> [Source data]:
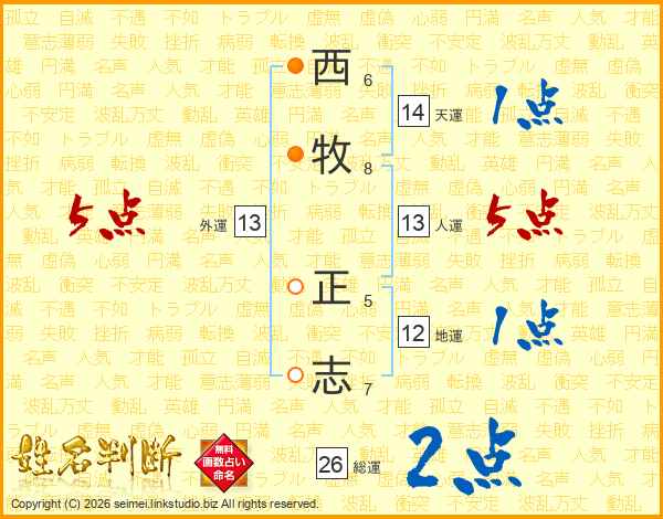 生活面を象徴する運勢です。外部から受ける影響力を表し、結婚運、家庭運や職場、環境への順応性を表します。総運から人運を引いた画数。姓や名が1文字の場合を除く。
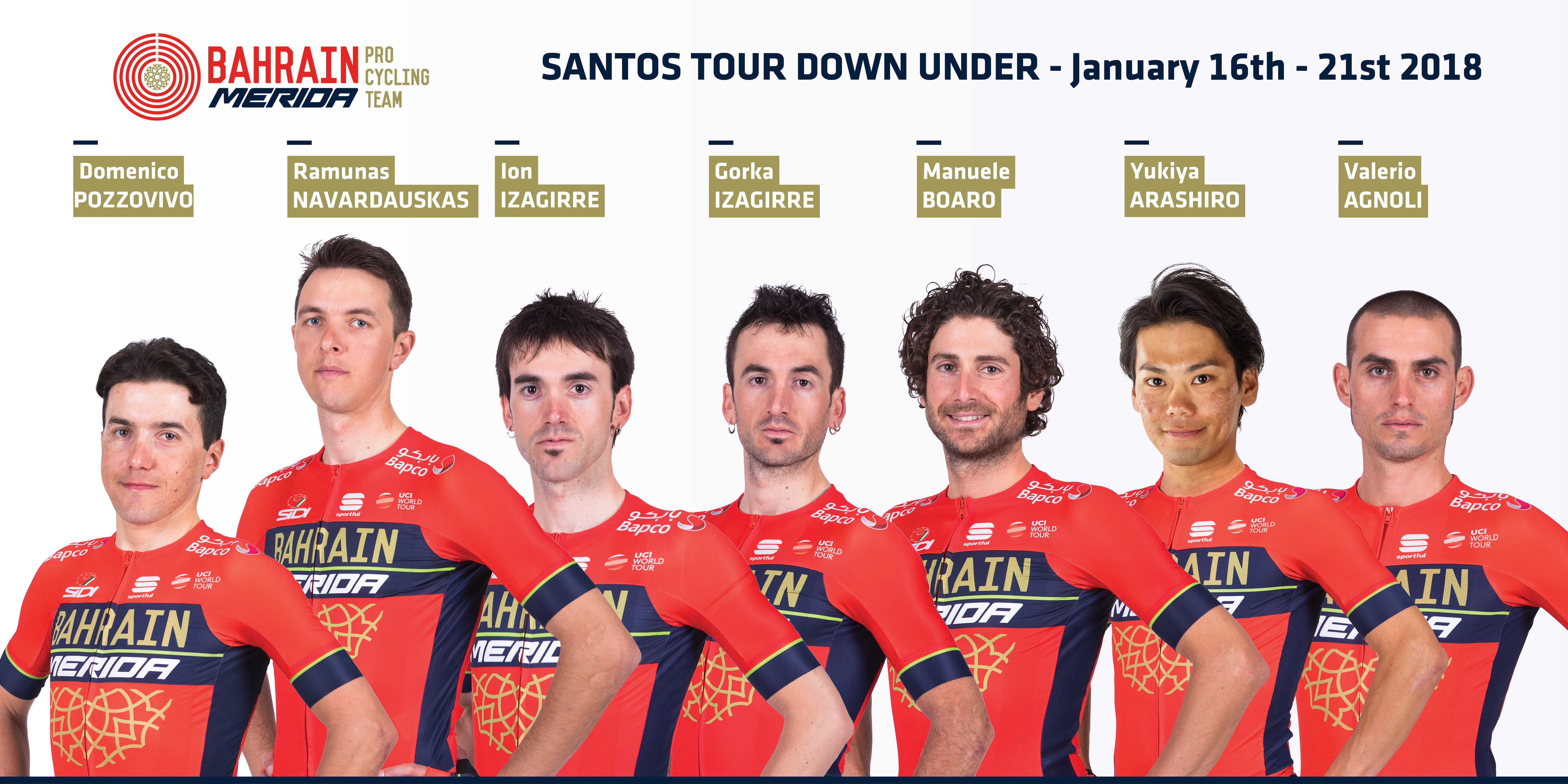 3 enero. Los hermanos Ion y Gorka Izagirre volverán a coincidir un año después en el Bahrain y en el Tour Down Under (etapas), primera prueba puntuable del UCI World tras el fichaje del hermano mayor por el equipo asiático. Tristan Hoffman, director, dijo qe «los hermanos Izagirre y Pozzovivo compartirán el liderazgo. Ion se ha estado recuperando mucho después del Tour de Francia. Gorka terminó octavo en la general en 2015. Domenico se unió a los dos campos de entrenamiento y mostró su gran personalidad. Espero verlo nuevamente en ruta. Esperamos que los 3 corredores terminen en el top 10″. Ion Izagirre también mostró una gran expectativa en TDU: «En primer lugar, mi objetivo principal es recuperar la sensación que tenía antes del accidente, recuperar la confianza en el pelotón con el estrés de carrera. Ya hice dos veces esta carrera y sé qué tipo de etapas hay. Es una buena carrera para comenzar la temporada, es verano, etapas cortas, no demasiados traslados. Vamos con Pozzovivo y mi hermano, lo cual es muy importante para mí. En mi opinión, vamos a tener un equipo muy fuerte». La alineación la completan Manuele Boaro, Valerio Agnoli, Yukiya Arashiro y el también recuperado Ramūnas Navardauskas.
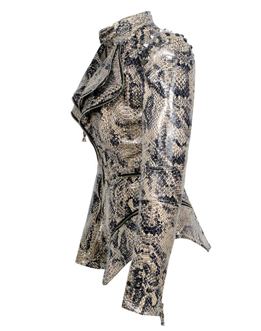 Women's Lapel Collar Vegan Biker Jacket
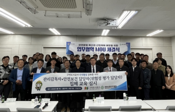 구미도시공사는 대한산업안전협회와 산업현장 안전문화 확산 및 근로자 산업재해 예방을 위한 업무협약(MOU)을 체결하고, 안전 중심의 경영체계 구축을 위한 협력에 나섰다.

> [Work instructions]: Everything in the material must be duplicated exactly, except the pictures.

> [Exercise response]:
 生活面を象徴する運勢です。外部から受ける影響力を表し、結婚運、家庭運や職場、環境への順応性を表します。総運から人運を引いた画数。姓や名が1文字の場合を除く。
 3 enero. Los hermanos Ion y Gorka Izagirre volverán a coincidir un año después en el Bahrain y en el Tour Down Under (etapas), primera prueba puntuable del UCI World tras el fichaje del hermano mayor por el equipo asiático. Tristan Hoffman, director, dijo qe «los hermanos Izagirre y Pozzovivo compartirán el liderazgo. Ion se ha estado recuperando mucho después del Tour de Francia. Gorka terminó octavo en la general en 2015. Domenico se unió a los dos campos de entrenamiento y mostró su gran personalidad. Espero verlo nuevamente en ruta. Esperamos que los 3 corredores terminen en el top 10″. Ion Izagirre también mostró una gran expectativa en TDU: «En primer lugar, mi objetivo principal es recuperar la sensación que tenía antes del accidente, recuperar la confianza en el pelotón con el estrés de carrera. Ya hice dos veces esta carrera y sé qué tipo de etapas hay. Es una buena carrera para comenzar la temporada, es verano, etapas cortas, no demasiados traslados. Vamos con Pozzovivo y mi hermano, lo cual es muy importante para mí. En mi opinión, vamos a tener un equipo muy fuerte». La alineación la completan Manuele Boaro, Valerio Agnoli, Yukiya Arashiro y el también recuperado Ramūnas Navardauskas.
 Women's Lapel Collar Vegan Biker Jacket
 구미도시공사는 대한산업안전협회와 산업현장 안전문화 확산 및 근로자 산업재해 예방을 위한 업무협약(MOU)을 체결하고, 안전 중심의 경영체계 구축을 위한 협력에 나섰다.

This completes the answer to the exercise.